L'ensemble du logement est analysé et chaque pièce est décortiquée : meubles, fournitures, literie, murs, fenêtres…)  et comparée par rapport à l'état des lieux d’entrée. Une fois l’état des lieux fait, les deux parties le signent et se mettent d’accord. Il est possible que le locataire s’oppose et fasse une contestation de l’état des lieux de sortie. S’il n’y a pas de désaccord, alors le locataire remet les clés au propriétaire et n’a plus le droit de revenir dans le logement. C’est ce qui signe la fin définitive du contrat de location.

Le délai de restitution de la caution

La restitution de la caution est un sujet assez sensible qui peut causer parfois des problèmes pour les locataires. C’est pourquoi il est important de connaître les droits et obligations du locataire et du bailleur à ce sujet.

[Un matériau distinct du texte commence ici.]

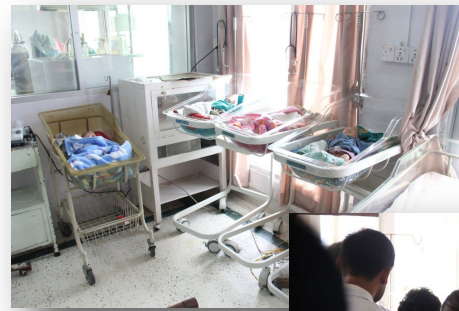
Nepal Mission 2013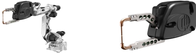
FIGURE 1 MODEL OF A COMAU ROBOT USED FOR THE WELDING OF CAR PARTS

At each piece's welding point, some welding parameters are recorded, such as current between the electrodes, resistance, number of points already welded by those electrodes and so on.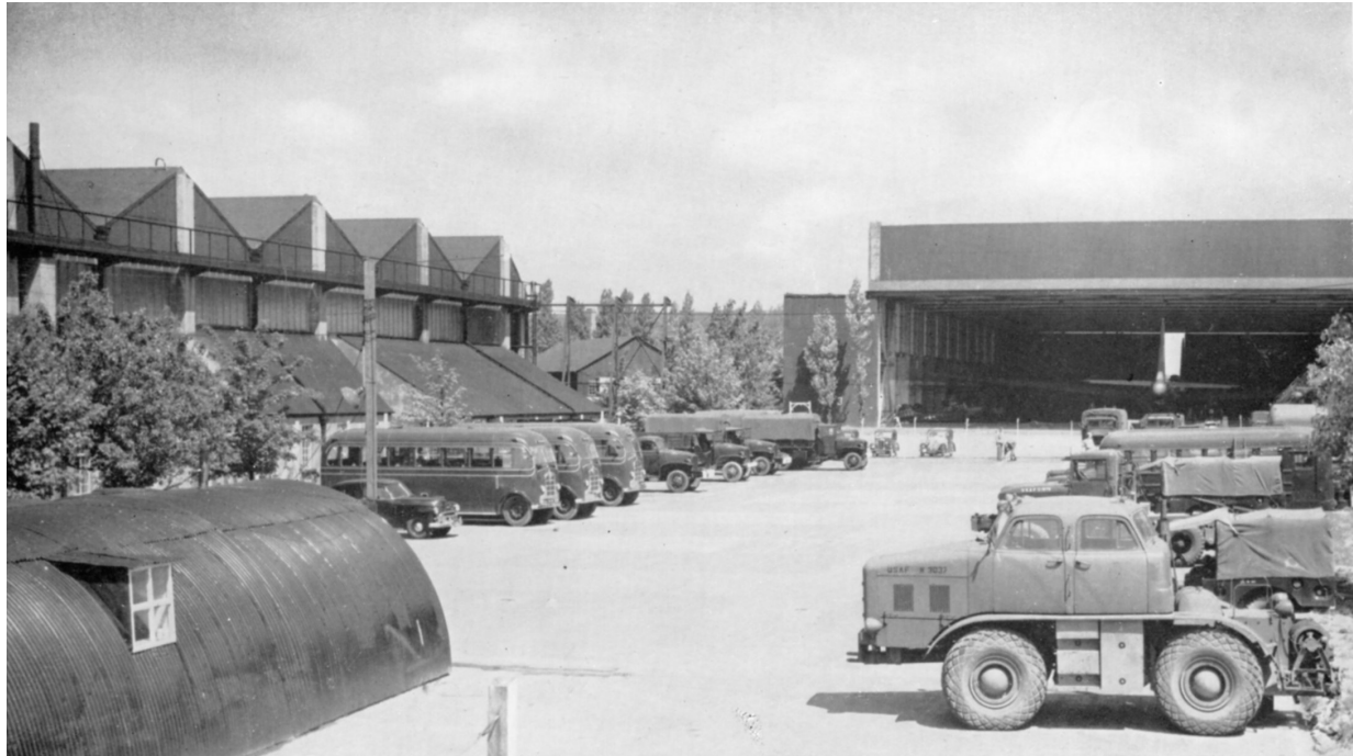
3910 Motor Vehicle Squadron motor pool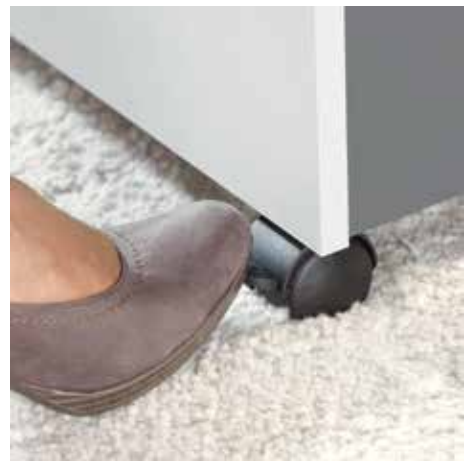
Convenient swivel casters providing 5 cm floor clearance for greater mobility and two brakes for reliably keeping the shredder firmly in place at the point of use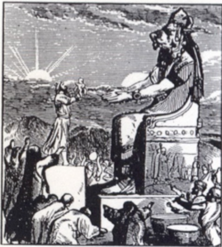
Baby being offered to the heathen god Molech

of Christianity. Because many of these places continue the pagan rituals and worship of old, the baptism and dedication of children and adults there is nothing more than heathen baptism, and dedication to the gods of the pagan religions, under the covering of a so-called Bible Believing church of Yahveh. Anyone baptized in one of these organizations commonly called Christian churches, need repent and renounce such a practice by a pagan religion. The mikvah/baptism is a holy ceremony of great importance in the life of a Believer and must be done in reverence to the only true God, Adonai, the Holy one of Israel, in the name of His Son, Yeshua.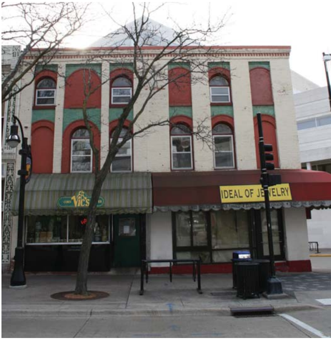
View of Front Facade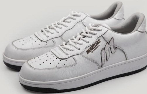
CODE : ME40102 Gender : Natural leather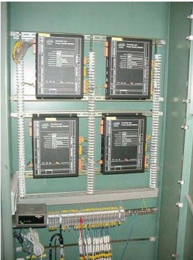
Sweden - Vattenfall Utility

Installation of the PQ Secure system for supervision of several wind power plants at different voltage levels.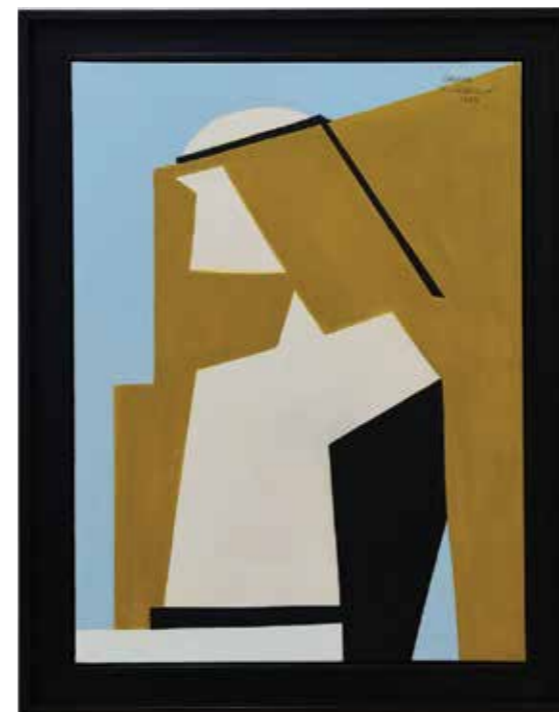
DAME LOUISE HENDERSON Arab Portrait No.8, 1959

oil on canvas 860 x 630mm 1005 x 780 x 60mm framed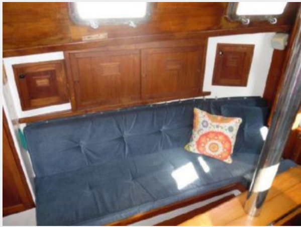
Seating Port w Ample Storage Above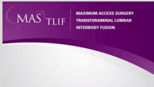
MAS TLIF Animation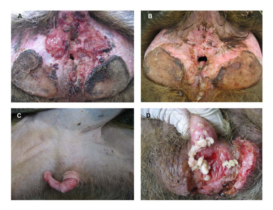
Figure 1. Gross pathology of olive baboons ( P. anubis ) with genital and circum-anal ulceration caused by T. pallidum at Lake Manyara National Park, Tanzania (2007). A. Adult female, severely affected, with massive destruction of the outer genitalia. The granulated tissue is fragile and bleeds easily on contact. The lesion is chronic and active. B. Adult female, severely affected, with massive destruction of the outer genitalia. The lesion is characterized by progressive scarification that has led to the vagina and anus being in a permanently open state. C. Sub-adult male, in an early stage of clinical infection. The corpus penis shows multiple erosions of the epidermis. D. Adult male with severe phimosis and genital ulceration. The prepuce is filled with smegma. The lesion is chronic and active.

Amboseli National Park, Mosiro, Lake Magadi, Gilgil, and Nanyuki) were examined using the very sensitive and specific T. pallidum particle agglutination test. Serological evidence of T. pallidum infection was found at only one of these sites, Nanyuki, where 57.5% of the animals tested positive for T. pallidum infection ( Table 1 ). Field notes and observations by researchers at Mikumi and all of the Kenyan sites, including Nanyuki, did not include any mention of signs of an anogenital disease.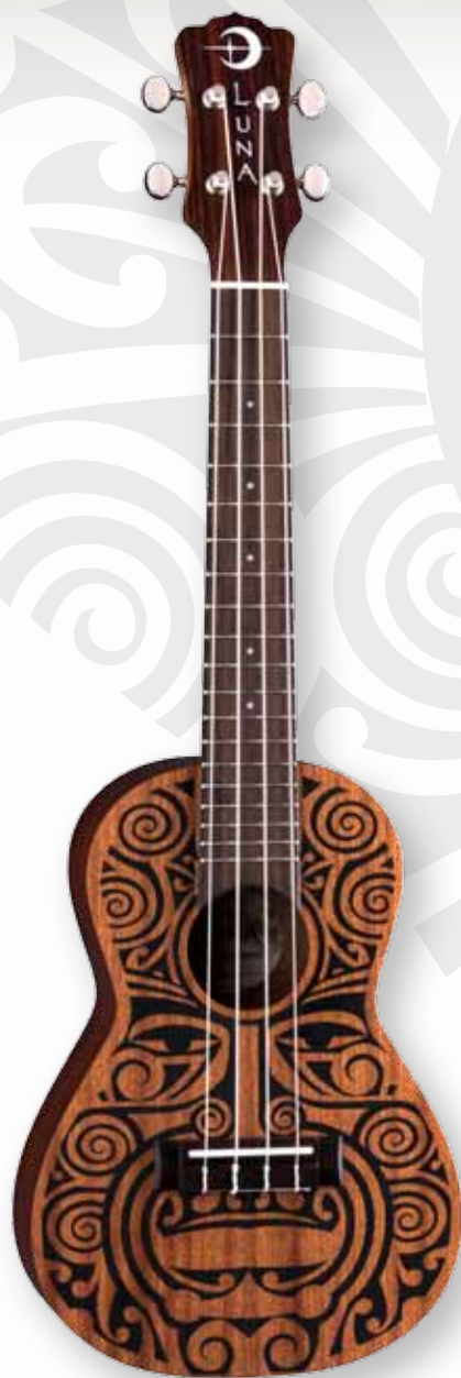
TRIBAL CONCERT NEW!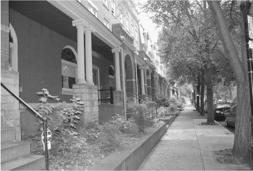
Figure 4.5. The Allegheny West Historic District is in Pittsburgh, Pennsylvania. The buildings date from the nineteenth century, and there are numerous locally owned businesses (e.g., shops, services, restaurants). The district is immediately adjacent to several cultural, sports, and recreational venues located in the Pittsburgh central business district.

output, $76.3 billion in income, $103.8 billion in gross domestic product, and $30.5 billion in tax revenues (Listokin and Lahr 2011: 3–11). As noted earlier, the Recovery Act created only four jobs per million dollars spent, a cost of $250,000 per job created (Rypkema 2010). Each job created was the equivalent of a full-time job for 1 year in which salaries are competitive within the local market for that particular type of job. Overall these figures reflect how expensive it is to create a job using the various strategies being described. Thus, $13,780/job and $8,660/job, respectively, for the Save America's Treasures program and the Historic Tax Credit program are vastly less than the $250,000/job that the stimulus program cost. When coupled with the multiplier effect created as the salaries are spent locally, these new jobs significantly increase the social and economic vitality of the community where the jobs are located. These data reveal that job creation through preservation-oriented programs is cost effective when compared with more highly publicized economic development programs.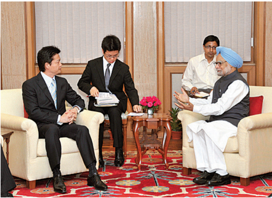
Courtesy Call on His Excellency Dr. Manmohan Singh, Prime Minister of India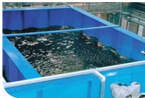
3M™ Scotchkote™ Solvent Free Epoxy Chemi-Tech CR 960 - formerly Thortex Chemi-Tech CR, delivers long-term free corrosion protection for the internal and external metal surfaces of this slurry tank.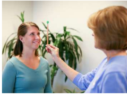
Figure A - Set up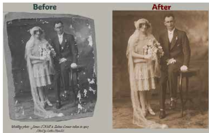
Photo editing and retouching - BOOKED OUT

Join this webinar to find out more about the pensioner records and how you might locate your ancestor.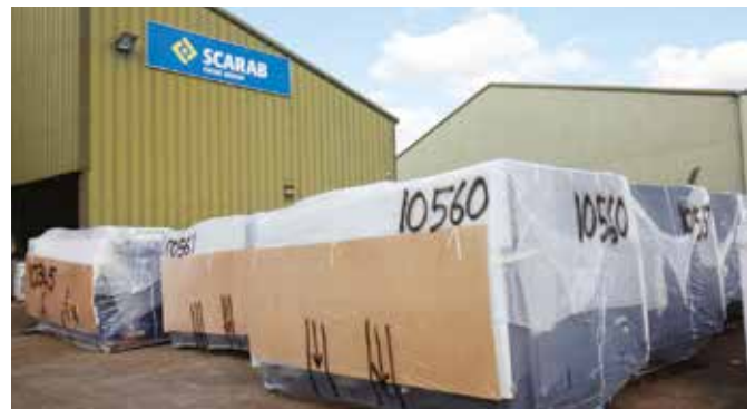
Export skid unit packaged and ready to ship

Thanks to our comprehensive network of trusted dealers worldwide, our export skid units can be distributed to even the most remote locations. Our dealer network is a collection of specially selected sweeping experts, each equipped with dedicated Scarab knowledge and access to our innovative products to help clients meet the demands of their operations. Spread across six continents, our network is continuing to grow as we look to offer our technical and commercial innovations to as many countries as possible.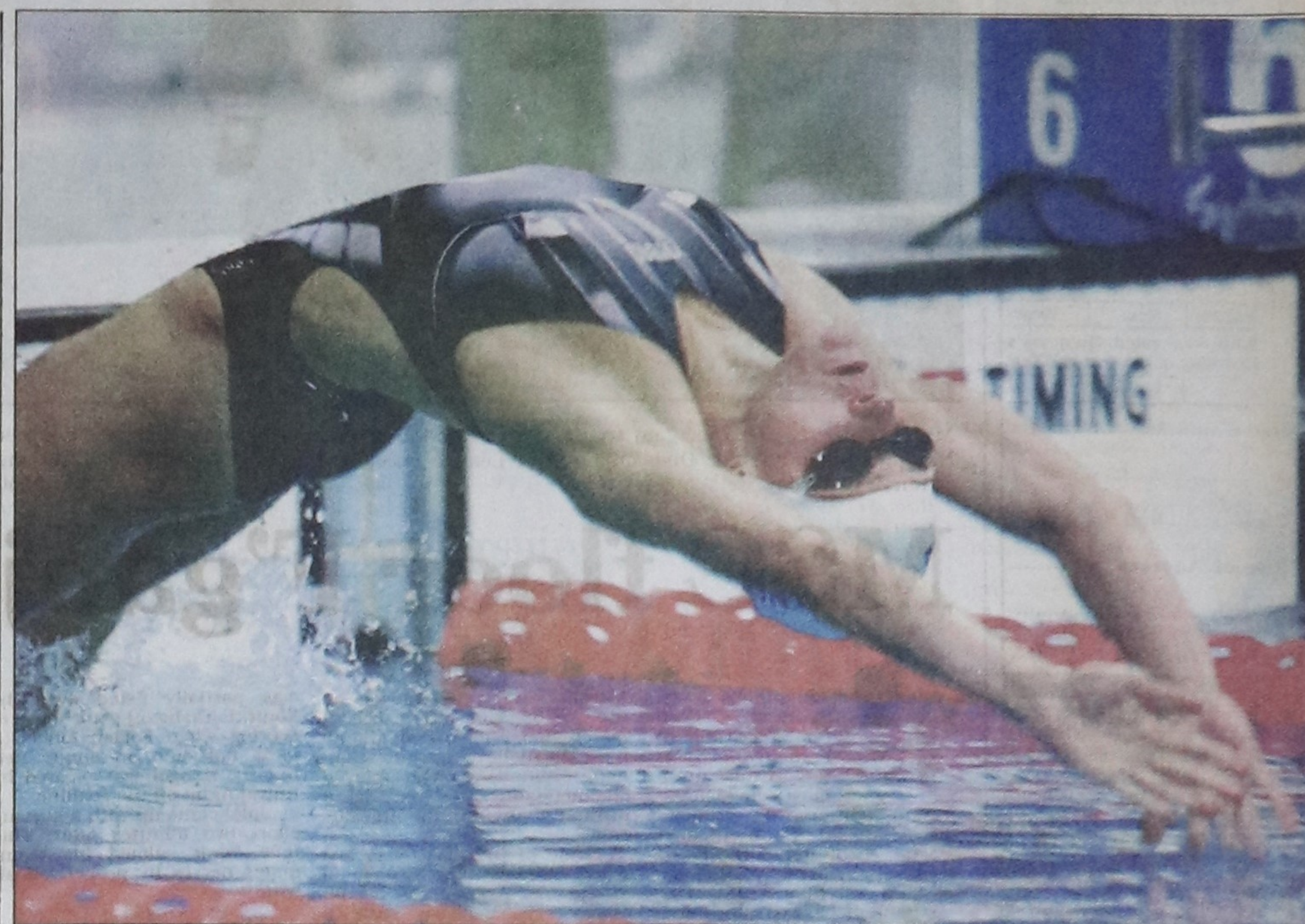
BACKSTROKING TO THE FINAL: Roxana Maracineanu of France during her 100-metre backstroke semifinal at the Sydney International Aquatic Centre yesterday. Maracineanu qualified for the final.

Note: Two bronze medals awarded in Judo.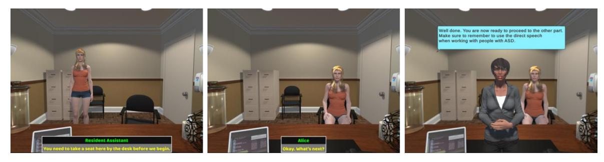
Figure 8. Sample Role-Plays and Reviews in the Direct Communication Module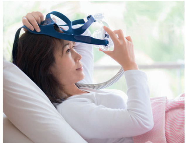
Fig. 4: If the fan is installed in a suitable noise-dampening housing, any sleep disturbance will be minimal.

pering conversation. Built into a suitable sound-absorbing housing, any sleep disturbance will be minimal (Fig. 4).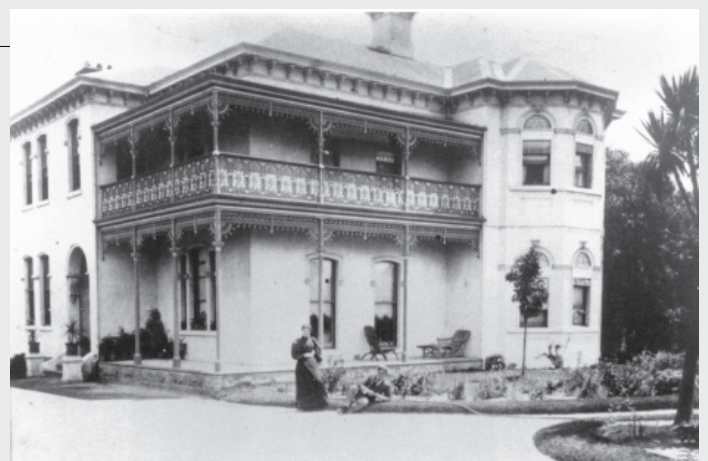
Kelmscott Huntingtower Road c 1900. Reg No 5208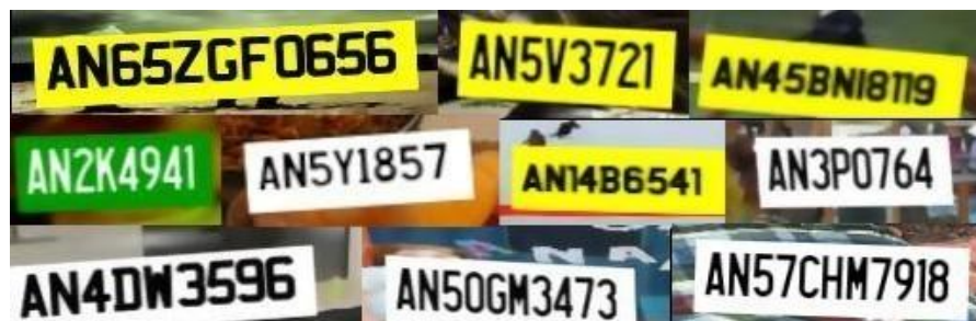
Fig. 2. Samples from generated datasets

For lack of a sufficient number of labeled data sets that meet the requirements of training the numbers recognition model, it was decided to generate a synthetic data set. Such transformations as rotation, blurring and darkening, as well as various sizes and colorings of the license plate, font styles, and the distance between characters were used as augmentations (Fig. 2).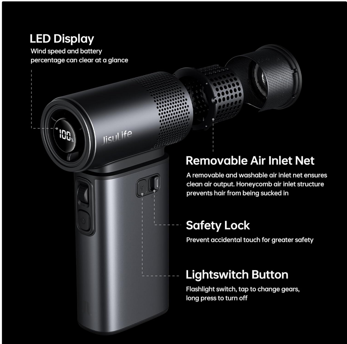
Figure 6.2: The JISULIFE Handheld Fan Ultra2 highlighting its substantial 9000mAh battery, capable of providing up to 25 hours of runtime and serving as a reliable power bank for other devices.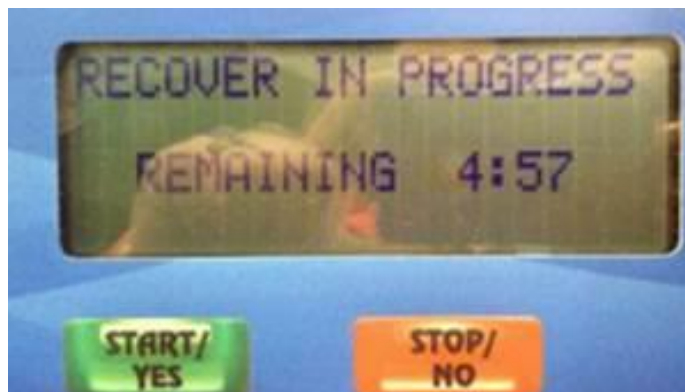
Figure 2: System recover process.

3. Perform a recovery of the system (Figure 2).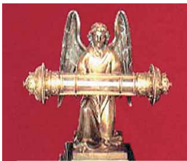
Reliquary of the Precious Blood

There are two drops of Blood from our Lord, Jesus Christ, collected on Calvary during the Passion, preserved in the church of Neuvy-Saint-Sépulcre in Indre. They were brought to France in 1257 by Cardinal Eudes returning from the Holy Land.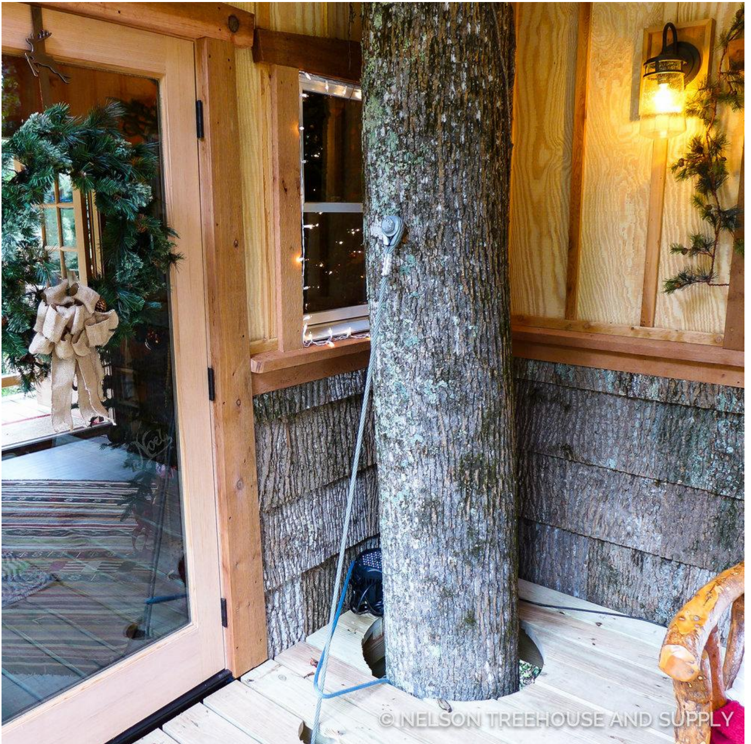
Several poplars poke through the deck, allowing visitors to admire their beauty up close. They also blend in nicely with the poplar bark siding.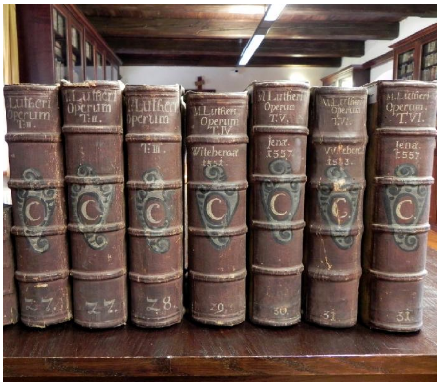
Figure 22: The seven remaining volumes of Luther's German Opera consulted by Lorenzo, Capuchin Provincial Library, Prague

where they can still be accessed. 80 Lorenzo did not leave any written observations in these texts about what he was reading, something that would not be hard to notice given his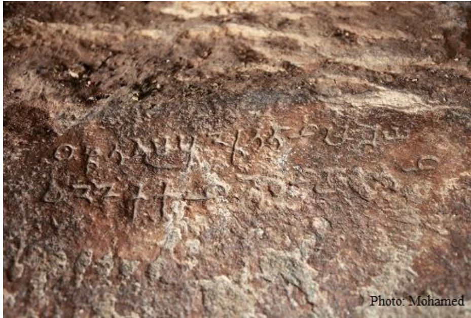
Fig 11: Tamil Brahmi inscription, Arachallur

The term maniyavannakkan refers to gemstone tester.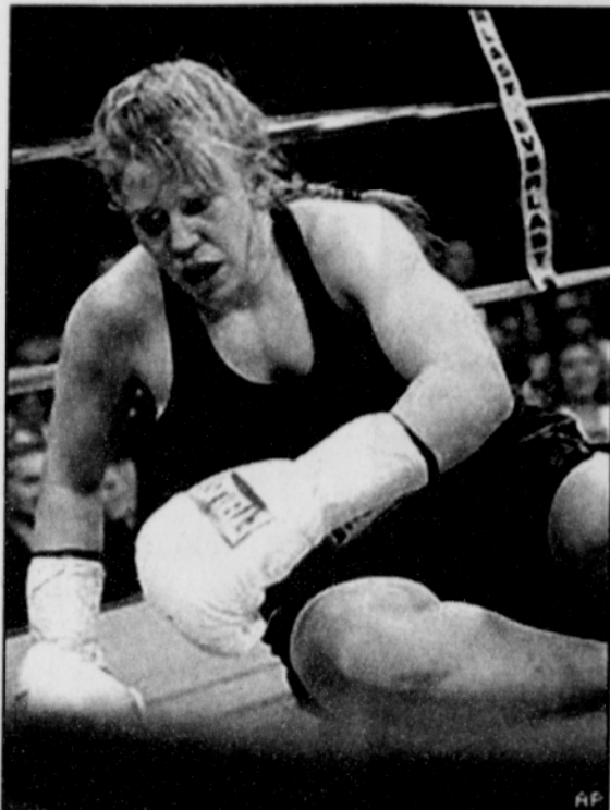
Tonya Harding lands on the mat in her pro boxing debut.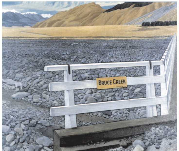
Dry September - W A Sutton (From The Collection at The Robert McDougall Art Gallery - one of the works destined for the new Art Gallery)

A secure solid fence (with peepholes so people will be able to view what's happening) will be built around the site and in January the artwork which was on the perimeter of the site will be mounted on the fence.

La loi est très claire à ce sujet, si l’état des lieux de sortie est identique à l’état des lieux d’entrée (autrement dit il ne manque rien et rien n’a été abimé par le locataire), alors le propriétaire dispose d’un délai d’un mois pour restituer la caution.

En revanche, s' il existe une différence entre les deux états des lieux, alors le bailleur a un délai de 2 mois pour utiliser la partie de la caution qu’il prélève pour combler la différence et pour rendre au locataire la partie qui n’a pas servi.